3.3 Effect of parameters on adsorption
During the process of membrane adsorber for CR and MB, the adsorption performance would be affected by some key parameters such as the concentration of CR and MB and the flowrate of the liquid flowing through the membrane. The effect of CR and MB concentration on adsorption is illustrated in Figure. 9(A, B) . It can be seen that higher capacity can be achieved under the condition of higher concentration of CR and MB. Besides, it can be also seen that the mesopores introduction would promote adsorption more obviously under the higher concentration of CR and MB. For example, the capacity of CR can be increased from 207 mg g-1 by HKUST-1 powder to 523 mg g-1 by HP-HKUST-1 powder under the condition of CR concentration being 250 mg L-1. On the contrary, the capacity can be only increased from 97 mg g-1 by HKUST-1 powder to 291 mg g-1 by HP-HKUST-1 powder under the condition of CR concentration being 50 mg L-1. It can be deduced that the increased capacity being 316 mg g-1 can be achieved under the condition of higher CR concentration but the increased value of only about 194 mg g-1 is obtained under the condition of lower CR condition.
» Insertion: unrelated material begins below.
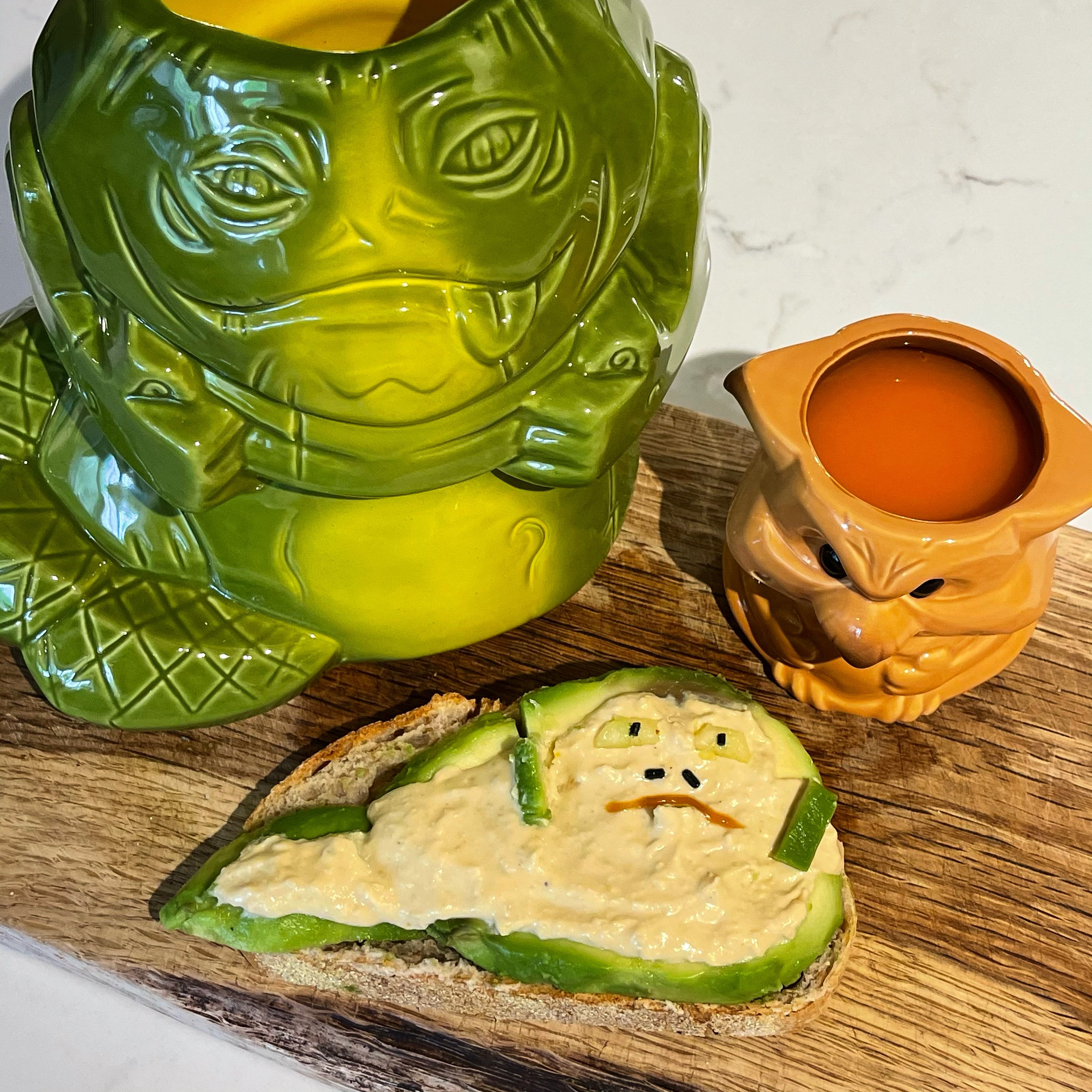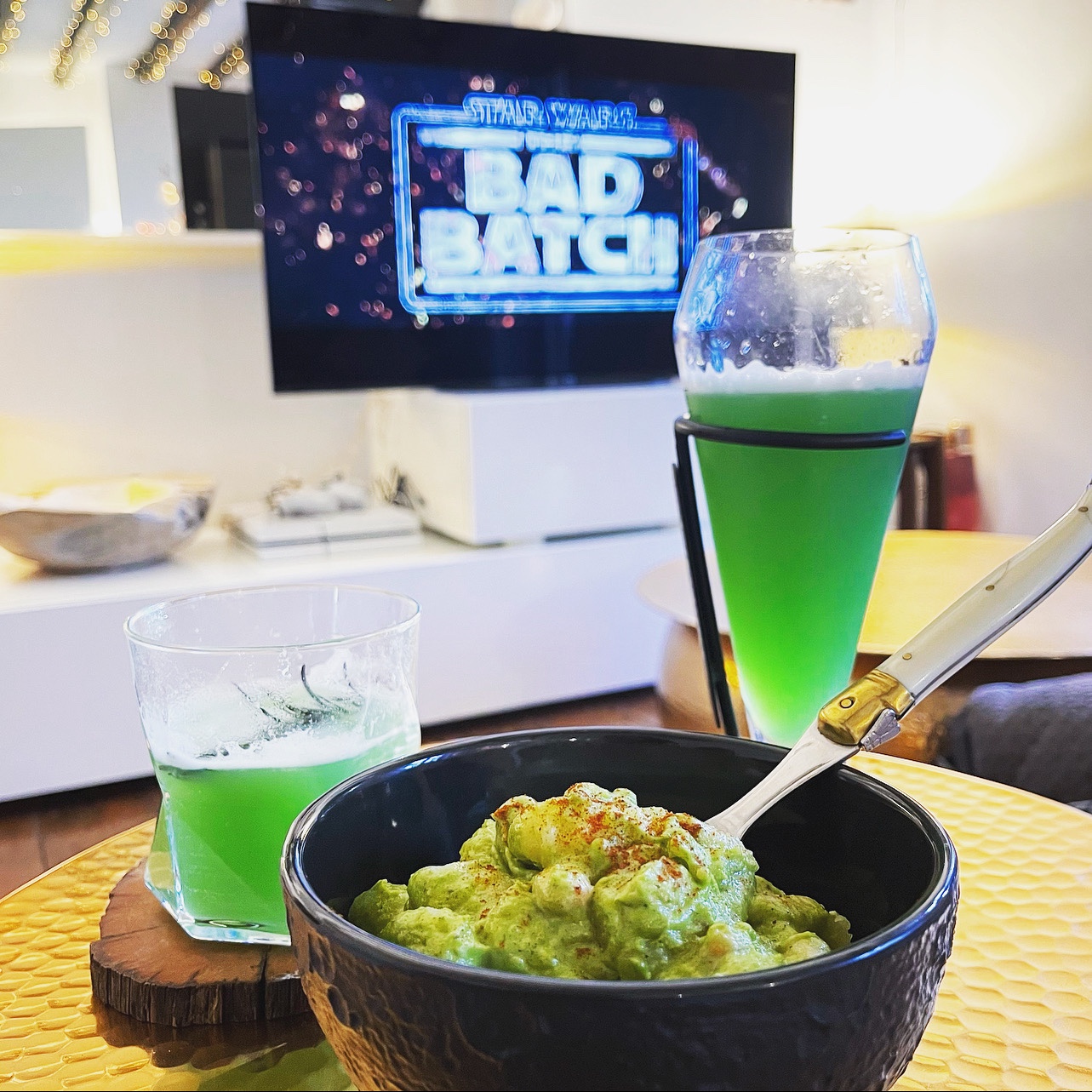 Dianoga Pasta / Ahsoka Tano chip ‘n dip / Blue milk macarons / Chewbacca Hot Dogs / Jabbacado on Toast
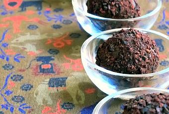Réduire en poudre grossière les pépites de cacao cru avant de les mélanger aux autres ingrédients.

The effect of flowrate and mass of HP-HKUST-1 on the adsorption of CR and MB by HP-HKUST-1/PES membrane is presented in Figure 9(C, D ) and Figure S3 . It can be seen that the adsorption rate constant can be increased significantly with the increase of flowrate while the capacity can be hardly affected by the flowrate. It can be calculated that the adsorption rate constant for CR by HP-HKUST-1/PES membrane can be increased from 0.0045 g mg-1h-1 under the condition of flowrate of being 20 mL min-1 to 0.0774 g mg-1h-1 under the condition of flowrate of being 60 mL min-1. The corresponding value for MB adsorption can be increased from 0.0196 g mg-1 h-1to 0.114 g mg-1 h-1. High adsorption rate obtained by flowrate increase can be attributed to the enhanced mass transfer rate in the micro or nano scale membrane pores. The rate of mass transfer may be relatively lower and the CR and MB molecules cannot be replenished in time due to the relatively higher intrinsic adsorption rate, if the flowrate is low. Thus, a thicker boundary layer around the adsorbate nanoparticles may be formed and the concentration of the CR and MB on the surface of HP-HKUST-1 would be lower than that of the bulk solution, leading to the adsorption rate limited. The mass transfer would be enhanced with the boundary layer being thinner under the condition of higher flowrate. In this case, the fresh CR and MB molecules transferred to the surface of the HP-HKUST-1 could be promoted, leading to the adsorption rate increased.